Nearly 375,000 bottles of a widely used antidepressant are being pulled from shelves across the United States, and for anyone who fills a monthly prescription for duloxetine, the news is jarring in that specific way pharmaceutical recalls always are — quiet, clinical, and yet somehow deeply personal. Breckenridge Pharmaceuticals, a New Jersey-based company, announced it is recalling both 30mg and 60mg versions of duloxetine delayed-release capsules, the generic form of Cymbalta. The drug is prescribed to millions of Americans managing depression, anxiety disorders, and chronic pain conditions like fibromyalgia.
The recall was initiated on June 4 and remains ongoing, covering multiple lot numbers distributed to pharmacies nationwide. The culprit is a compound called N-nitroso-duloxetine, a member of the nitrosamine family. If that name sounds familiar, it should. Nitrosamines are the same class of contaminants that triggered sweeping recalls of blood pressure medications a few years ago, and later, of Zantac, the once-ubiquitous heartburn drug that ultimately vanished from the market entirely. Classified as probable human carcinogens, nitrosamines don’t cause immediate harm — the concern is cumulative, the kind of risk that builds quietly over months or years of repeated exposure above safe thresholds.
The FDA found levels of the compound in tested capsules that exceeded what the agency considers acceptable.

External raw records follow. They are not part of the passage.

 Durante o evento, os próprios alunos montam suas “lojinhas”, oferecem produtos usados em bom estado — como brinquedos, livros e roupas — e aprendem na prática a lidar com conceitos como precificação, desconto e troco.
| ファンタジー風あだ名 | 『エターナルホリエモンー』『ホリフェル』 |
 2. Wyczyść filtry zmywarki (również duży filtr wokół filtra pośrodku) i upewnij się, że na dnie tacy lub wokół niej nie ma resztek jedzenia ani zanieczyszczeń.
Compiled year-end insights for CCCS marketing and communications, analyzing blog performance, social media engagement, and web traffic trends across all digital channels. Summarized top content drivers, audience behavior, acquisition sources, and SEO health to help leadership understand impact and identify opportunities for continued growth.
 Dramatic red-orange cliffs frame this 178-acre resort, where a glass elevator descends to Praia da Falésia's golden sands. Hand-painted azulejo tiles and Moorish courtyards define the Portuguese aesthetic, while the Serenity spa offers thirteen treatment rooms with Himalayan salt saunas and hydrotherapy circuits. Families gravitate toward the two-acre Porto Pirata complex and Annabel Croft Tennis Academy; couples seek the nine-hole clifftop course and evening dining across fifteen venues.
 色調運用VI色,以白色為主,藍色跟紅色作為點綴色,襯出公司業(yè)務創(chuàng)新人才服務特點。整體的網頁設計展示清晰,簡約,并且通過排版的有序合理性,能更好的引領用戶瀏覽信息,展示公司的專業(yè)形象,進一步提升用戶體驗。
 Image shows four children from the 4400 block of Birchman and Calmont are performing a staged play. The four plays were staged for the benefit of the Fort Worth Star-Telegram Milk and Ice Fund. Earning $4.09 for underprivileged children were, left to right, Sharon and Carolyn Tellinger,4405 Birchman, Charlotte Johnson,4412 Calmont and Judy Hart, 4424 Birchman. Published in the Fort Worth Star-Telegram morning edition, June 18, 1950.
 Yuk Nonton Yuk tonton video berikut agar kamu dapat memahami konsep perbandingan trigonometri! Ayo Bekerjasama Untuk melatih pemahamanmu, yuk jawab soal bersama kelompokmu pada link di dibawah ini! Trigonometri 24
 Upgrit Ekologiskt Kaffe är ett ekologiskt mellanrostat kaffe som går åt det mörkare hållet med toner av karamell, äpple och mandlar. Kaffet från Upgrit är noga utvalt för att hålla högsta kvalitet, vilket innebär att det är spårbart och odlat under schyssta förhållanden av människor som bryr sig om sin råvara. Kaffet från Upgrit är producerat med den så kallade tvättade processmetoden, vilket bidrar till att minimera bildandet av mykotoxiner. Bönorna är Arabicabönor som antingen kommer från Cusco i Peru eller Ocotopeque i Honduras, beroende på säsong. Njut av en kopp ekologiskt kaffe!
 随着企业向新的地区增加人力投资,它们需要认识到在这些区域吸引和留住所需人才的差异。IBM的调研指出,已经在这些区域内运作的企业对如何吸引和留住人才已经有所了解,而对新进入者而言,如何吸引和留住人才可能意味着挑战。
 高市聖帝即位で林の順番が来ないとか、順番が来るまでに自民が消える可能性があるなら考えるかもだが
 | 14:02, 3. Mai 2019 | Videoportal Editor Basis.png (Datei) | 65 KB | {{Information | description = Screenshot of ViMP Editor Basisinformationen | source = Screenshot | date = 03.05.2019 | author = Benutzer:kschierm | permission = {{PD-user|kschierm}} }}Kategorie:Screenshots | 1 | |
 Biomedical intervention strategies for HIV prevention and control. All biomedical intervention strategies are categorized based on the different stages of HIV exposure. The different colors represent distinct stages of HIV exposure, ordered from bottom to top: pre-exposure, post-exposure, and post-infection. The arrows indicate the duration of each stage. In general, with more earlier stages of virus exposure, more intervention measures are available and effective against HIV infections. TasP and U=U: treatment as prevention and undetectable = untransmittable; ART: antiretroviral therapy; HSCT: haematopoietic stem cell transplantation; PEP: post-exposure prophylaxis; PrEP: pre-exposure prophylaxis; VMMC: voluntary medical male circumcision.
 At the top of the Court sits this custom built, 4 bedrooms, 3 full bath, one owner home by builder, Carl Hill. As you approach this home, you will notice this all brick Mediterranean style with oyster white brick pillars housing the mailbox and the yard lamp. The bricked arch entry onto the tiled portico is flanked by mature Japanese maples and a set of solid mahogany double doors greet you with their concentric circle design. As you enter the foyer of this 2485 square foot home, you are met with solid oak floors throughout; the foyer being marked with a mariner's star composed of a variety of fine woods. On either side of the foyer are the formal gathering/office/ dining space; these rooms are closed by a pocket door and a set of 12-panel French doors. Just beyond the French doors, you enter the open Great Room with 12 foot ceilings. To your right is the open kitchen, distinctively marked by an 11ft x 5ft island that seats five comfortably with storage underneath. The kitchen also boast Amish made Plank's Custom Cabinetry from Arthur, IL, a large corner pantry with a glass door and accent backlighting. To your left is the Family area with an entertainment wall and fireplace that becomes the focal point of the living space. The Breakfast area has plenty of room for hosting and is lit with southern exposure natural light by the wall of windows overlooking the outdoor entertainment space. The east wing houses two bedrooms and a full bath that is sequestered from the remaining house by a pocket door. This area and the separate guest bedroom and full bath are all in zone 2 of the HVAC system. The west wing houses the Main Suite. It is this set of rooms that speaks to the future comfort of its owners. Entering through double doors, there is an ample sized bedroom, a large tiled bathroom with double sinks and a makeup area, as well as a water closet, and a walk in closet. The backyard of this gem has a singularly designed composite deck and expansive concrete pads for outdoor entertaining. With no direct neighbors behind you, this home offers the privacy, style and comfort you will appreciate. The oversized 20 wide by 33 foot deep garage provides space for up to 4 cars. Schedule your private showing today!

The specific lots affected include 30mg capsules with lot code 241180C and an expiration date of April 2027. On the 60mg side, two lots are involved: lot number 230286C expiring February 2026, and lot number 24072lC expiring February 2027. Patients holding bottles from any of these lots are being urged to contact their doctor or pharmacist — not to simply stop taking the medication on their own.
That last point matters more than it might seem. Duloxetine is an SNRI, a type of antidepressant that, when stopped abruptly, can cause what clinicians call discontinuation syndrome — dizziness, nausea, electric shock-like sensations sometimes described as “brain zaps,” and a return of the very symptoms the drug was managing. The recall creates a real bind for patients: the pills may carry elevated cancer risk, but stopping cold carries its own immediate consequences. It’s the kind of situation that exposes a gap in how recalls communicate urgency to people who are, by definition, managing vulnerable health conditions.

The pills themselves were manufactured in Spain by Towa Pharmaceutical Europe before being distributed in the U.S. by Breckenridge. That detail matters in the broader conversation about generic drug supply chains — a conversation the pharmaceutical industry has been quietly having for years, accelerated by COVID-era shortages and a growing awareness that much of what Americans swallow each day is made abroad, inspected at distance, and trusted through paperwork as much as direct oversight. The FDA has designated this a Class II recall, meaning the agency believes the product “may cause temporary or medically reversible adverse health consequences.” It’s a step below the most severe classification, which offers some reassurance — but only modest.
The honest read here is that regulators don’t yet fully understand the long-term cancer implications of intermittent nitrosamine exposure at these levels. That uncertainty is uncomfortable, and it’s probably fair to sit with it rather than smooth it over. Healthcare providers and pharmacists are being asked to check inventory against the affected lot numbers and follow FDA guidance on returning or disposing of the recalled product. For patients, the immediate step is simple enough: check the bottle, call the pharmacy, and don’t make any medication changes without talking to a doctor first.